Work to be completed: Nothing but the lines from the one showing "для православных христиан." through the final line of the data below belongs in the answer, duplicated exactly and without pictures.

Data items:
- - - -
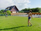 Una zona tranquila, en las afueras de un asentamiento situado a orillas del lago Jamno. La playa costera más cercana está a 4 km (allí también hay un carril bici).
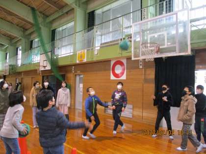 今日のリラックスタイムに、運動委員会の人たちが企画してくれたフリースロー大会が行われました。遠くからリングに入れるのは難しくて、なかなか得点することができませんでしたが、うまく入ったときにはとても喜んでいました。これからも運動に親しんで、体を鍛えていきましょう。
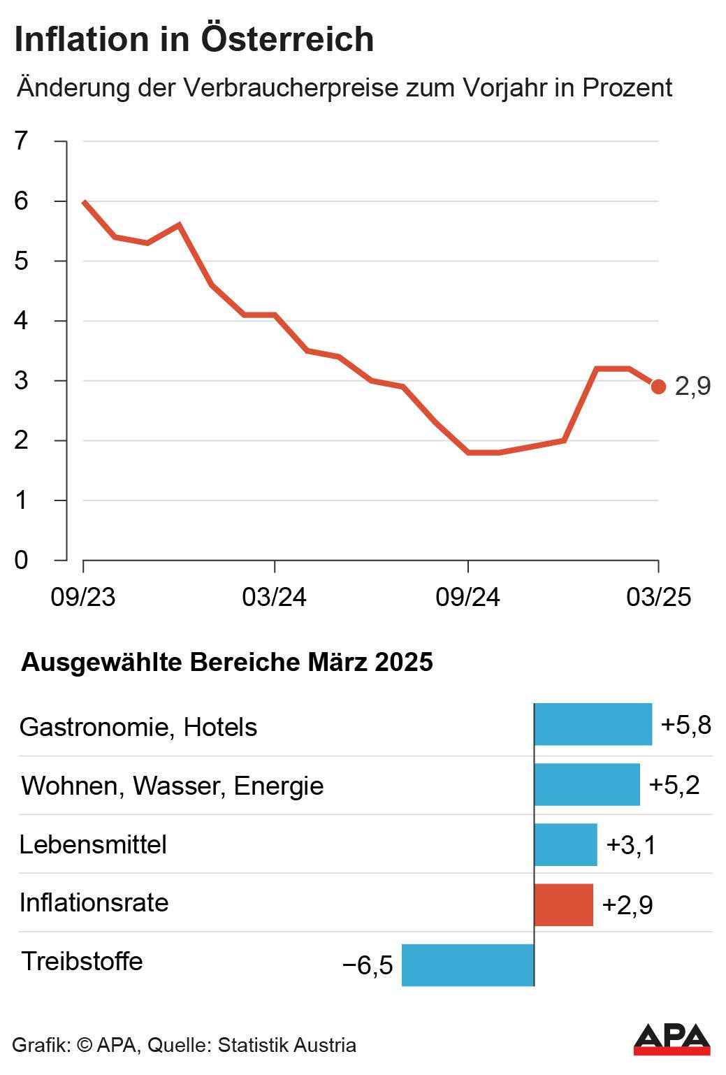 Mit den 2,9 Prozent Inflation (VPI) sieht Statistik-Austria-Chef Tobias Thomas einen Annäherungsschritt in Richtung des 2,0-prozentigen Inflationsziels der Europäischen Zentralbank (EZB). Von Februar auf März stieg das Preisniveau (nach Verbraucherpreisindex, VPI) laut der Behörde durchschnittlich um 0,2 Prozent.
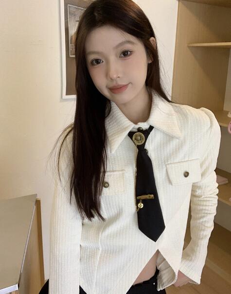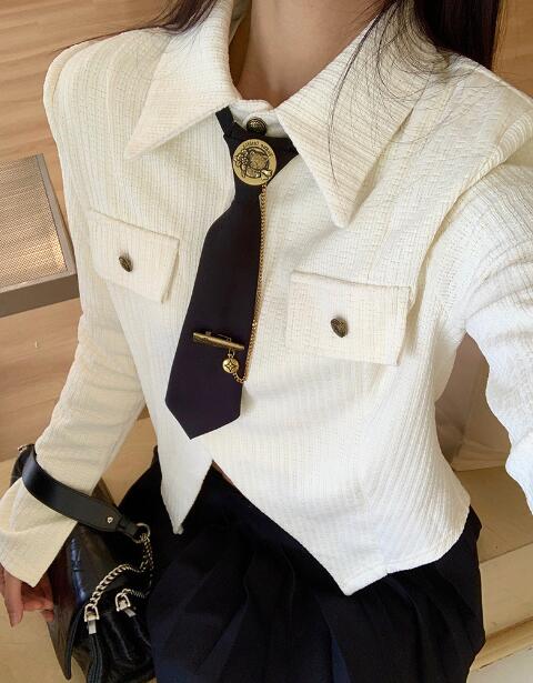 シアースリーブ ドッキングシャツ ボウタイシャツブラウス
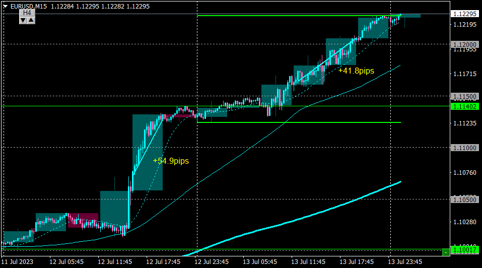 昨日はH4の足が昨日の高値をブレイクしたのを確認してロング。
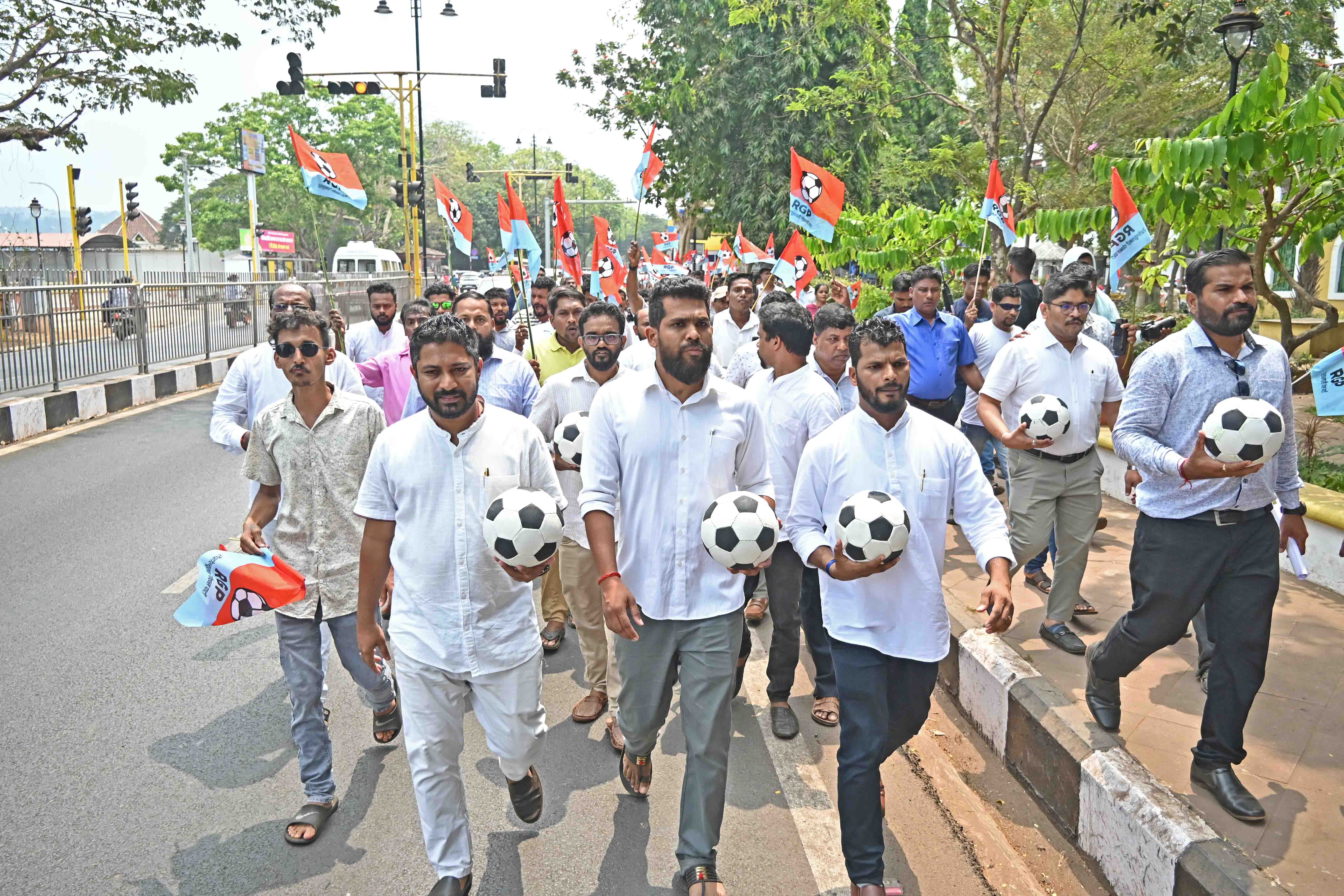 Earlier, Parab led a large group of his supporters waving party flags and several of them holding footballs, which is the party’s symbol, as they marched towards the Collectorate building in the capital city in a show of strength.
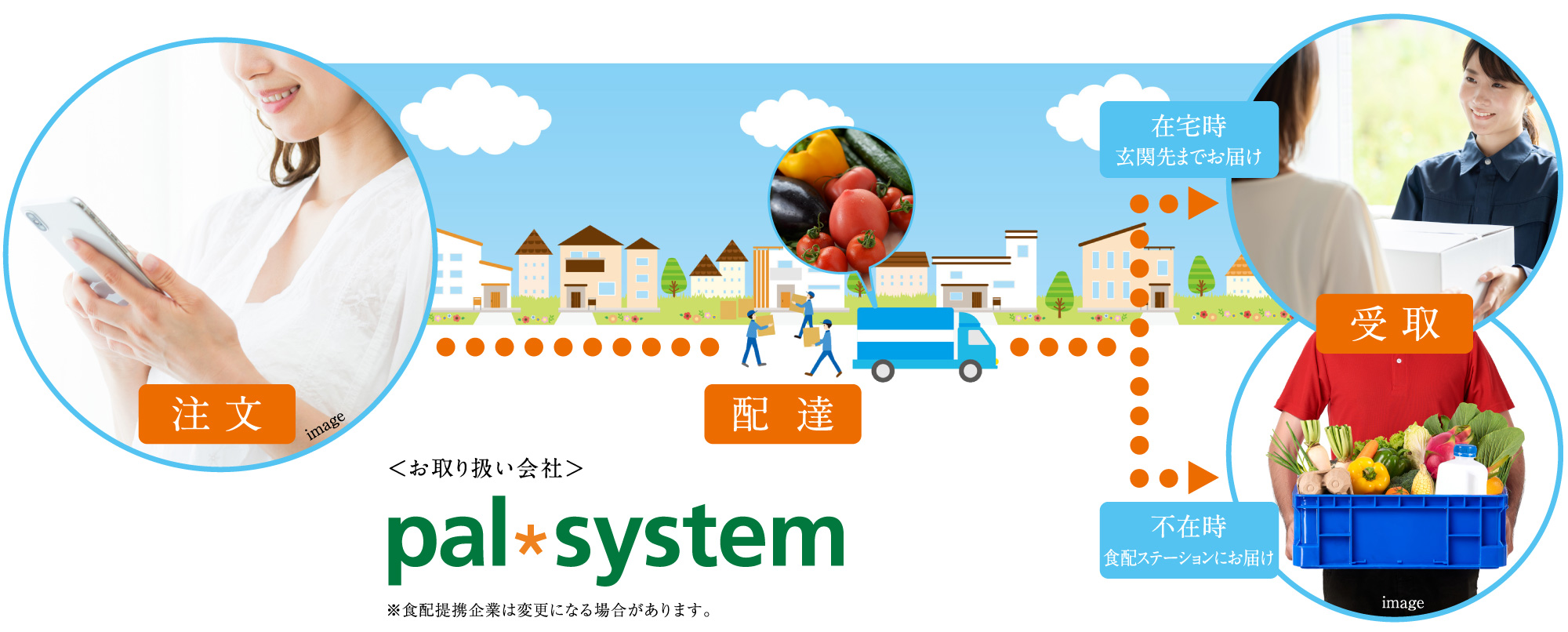 提携先の食材配達会社に、ネットで手軽に注文OK。週に1回の宅配利用が可能です。ご在宅時には玄関まで、ご不在時には食配ステーションまでお届けします。お米やペットボトルなどの重い商品の購入や留守の多いご家庭、家事効率の向上にも役立つ便利なサービスです。※別途契約が必要となります。(有償)
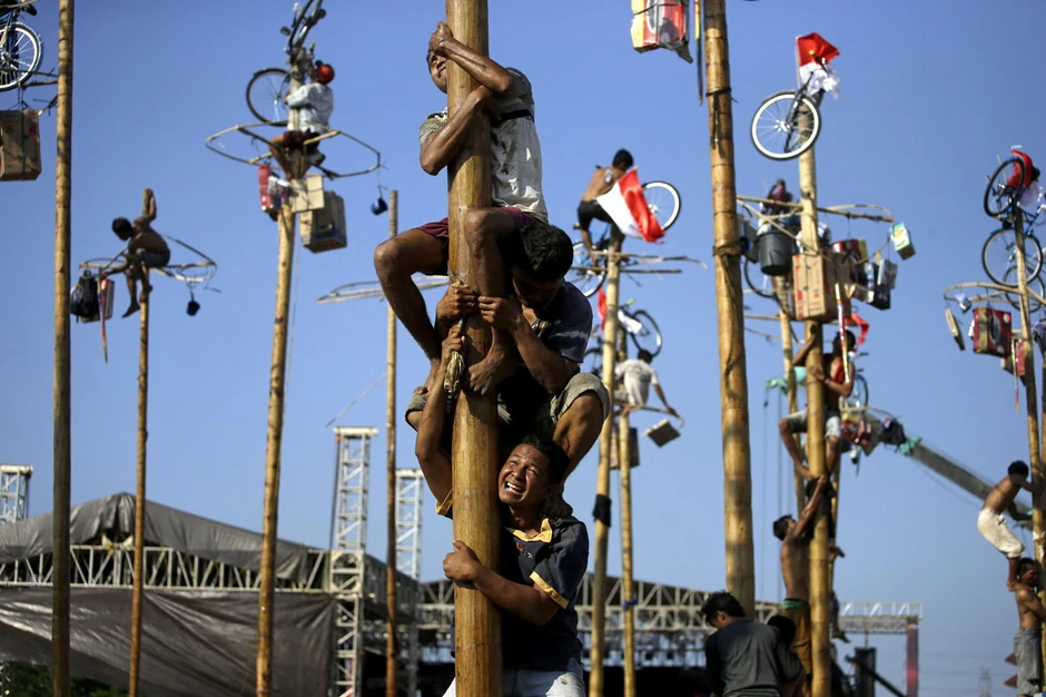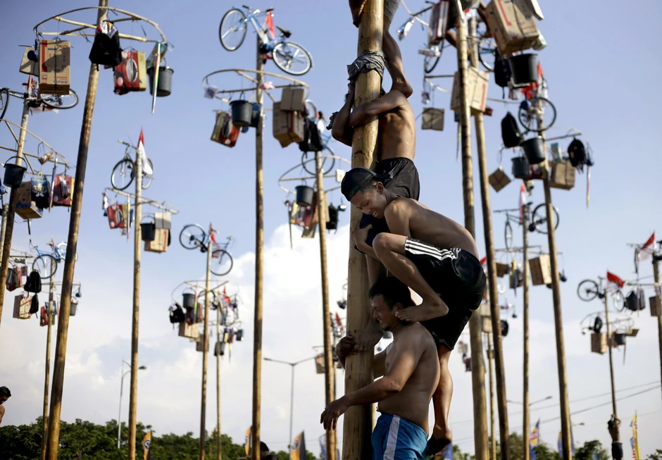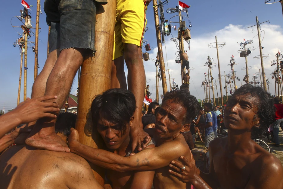U okviru rituala Pandžat pinang, koji se u Indoneziji odigrava 17. aprila povodom obeležavanja dana sticanja nezavisnosti od Holandije 1945. godine, stotine žitelja ove zemlje veralo se uz visoke stubove obavijene slojem gline i masti, ne bi li se dočepali nekog od darova na njihovom vrhu.
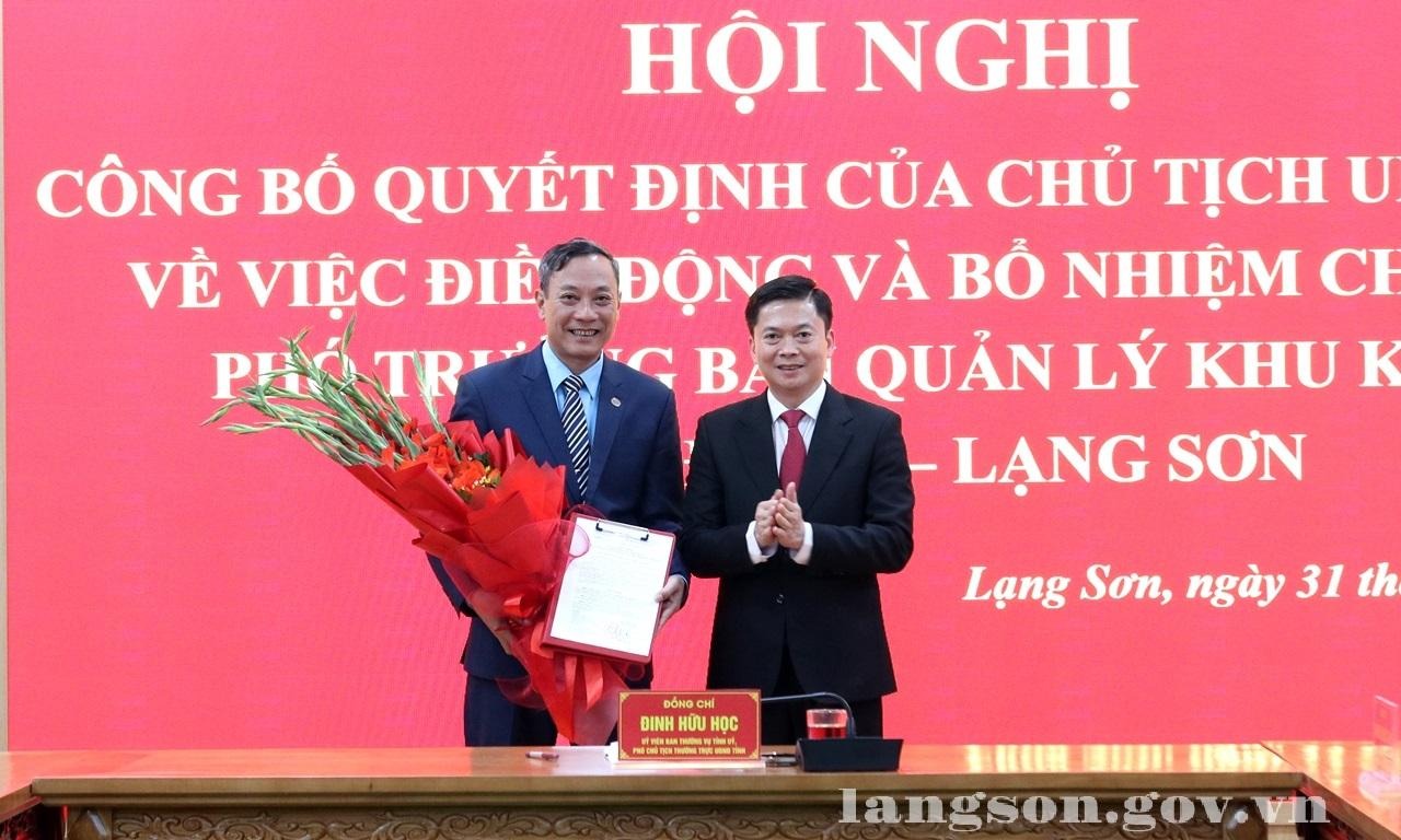 Tại hội nghị, lãnh đạo Sở Nội vụ công bố Quyết định số 2828/QĐ-UBND ngày 30/12/2025 của Chủ tịch UBND tỉnh về việc điều động, bổ nhiệm đồng chí Hoàng Viết Đông, Phó Giám đốc Sở Xây dựng giữ chức vụ Phó Trưởng Ban Quản lý Khu Kinh tế cửa khẩu Đồng Đăng – Lạng Sơn kể từ ngày 01/01/2026. Thời hạn bổ nhiệm 5 năm.
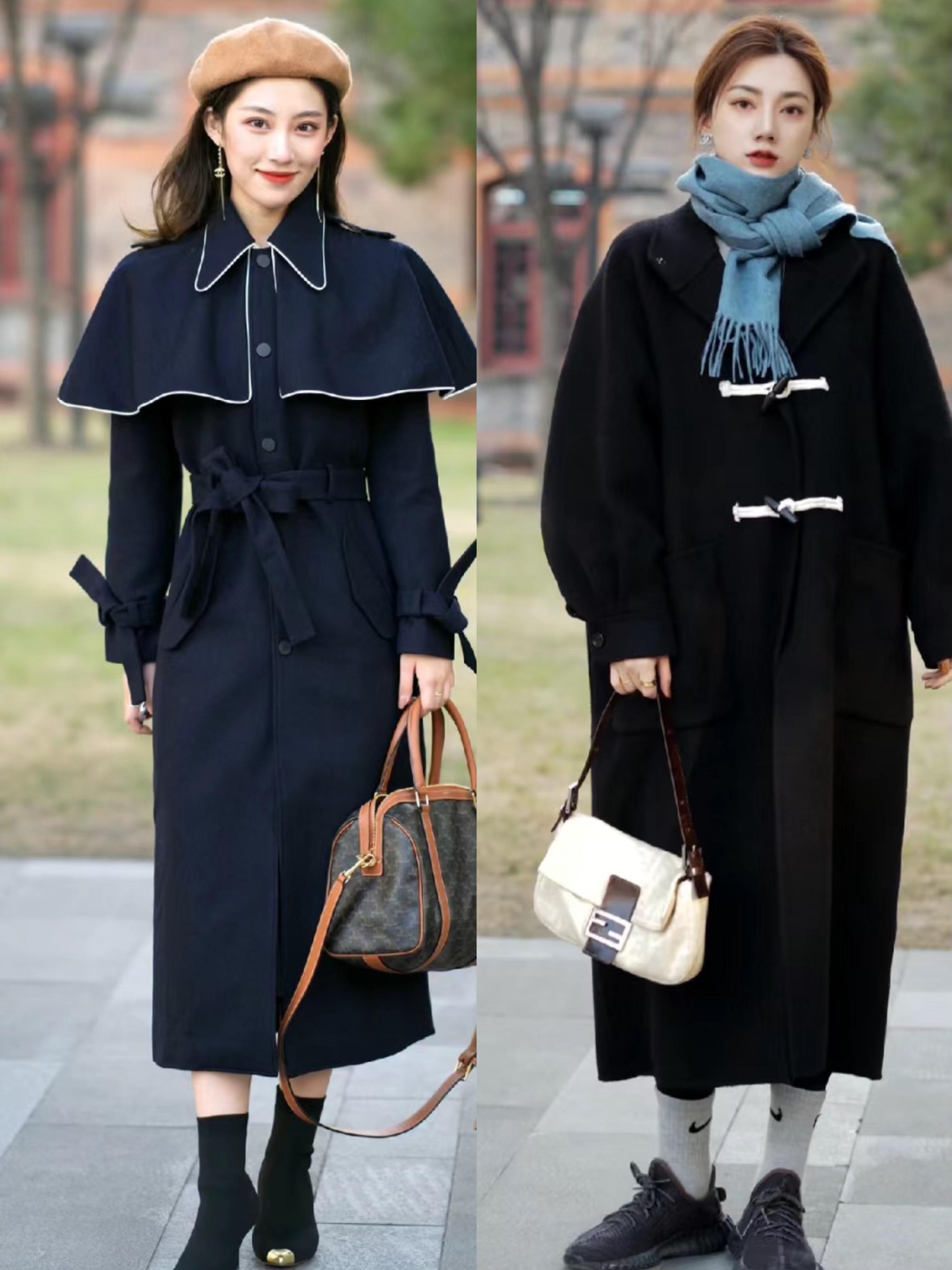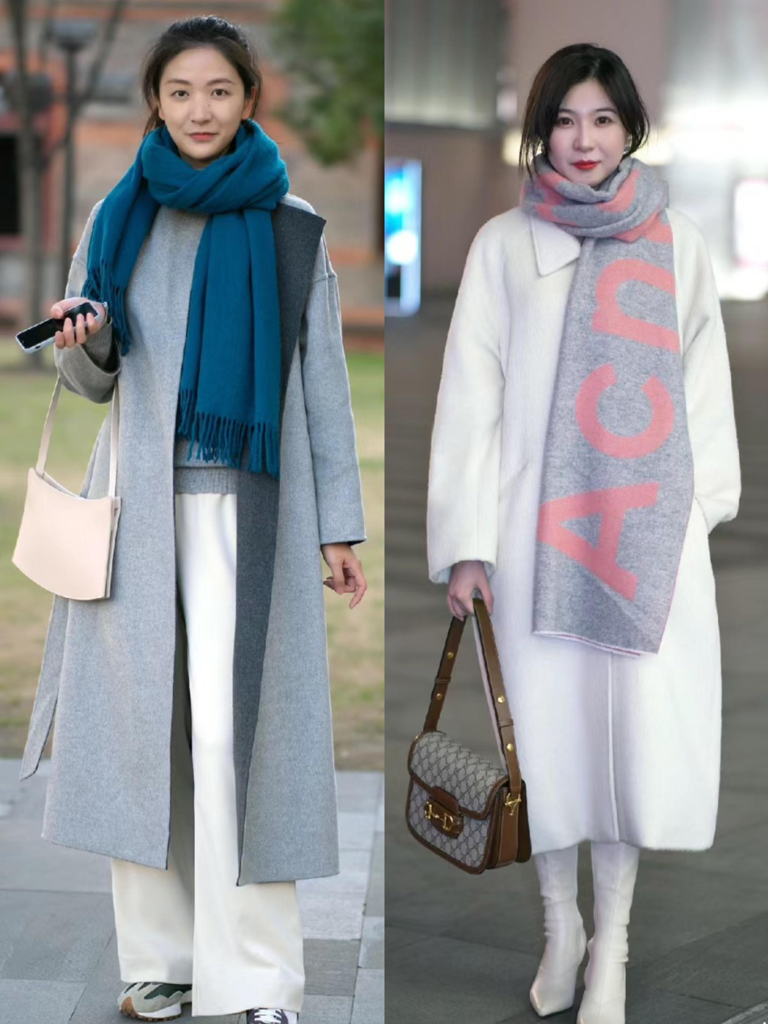 我們穿純色系的毛呢大衣,可以搭配稍微厚重一點的羊絨大衣。羊絨圍巾可以配比較軟糯的面料,寬大的版型,既保暖又溫柔耐看。
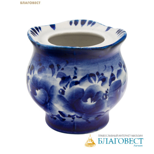 Лампада керамическая «Гжель»Настольная лампада для домашней молитвы, выполненная в стиле традиционной гжели. Белая керамика с синей ручной росписью. Устойчивое основание. Прекрасный подарок для православных христиан.
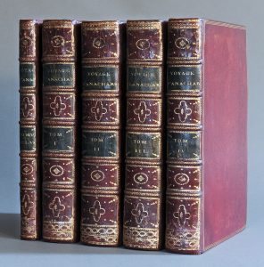 BARTHÉLÉMY (Jean-Jacques). Voyage du jeune Anacharsis en Grèce, dans le milieu du quatrième siècle avant l'ère vulgaire. À Paris, chez de Bure l'aîné, 1788. 5 volumes in-4, reliure de l'époque plein maroquin rouge, dos à nerfs orné,...
- - - -
Result for this task:
 Лампада керамическая «Гжель»Настольная лампада для домашней молитвы, выполненная в стиле традиционной гжели. Белая керамика с синей ручной росписью. Устойчивое основание. Прекрасный подарок для православных христиан.
 BARTHÉLÉMY (Jean-Jacques). Voyage du jeune Anacharsis en Grèce, dans le milieu du quatrième siècle avant l'ère vulgaire. À Paris, chez de Bure l'aîné, 1788. 5 volumes in-4, reliure de l'époque plein maroquin rouge, dos à nerfs orné,...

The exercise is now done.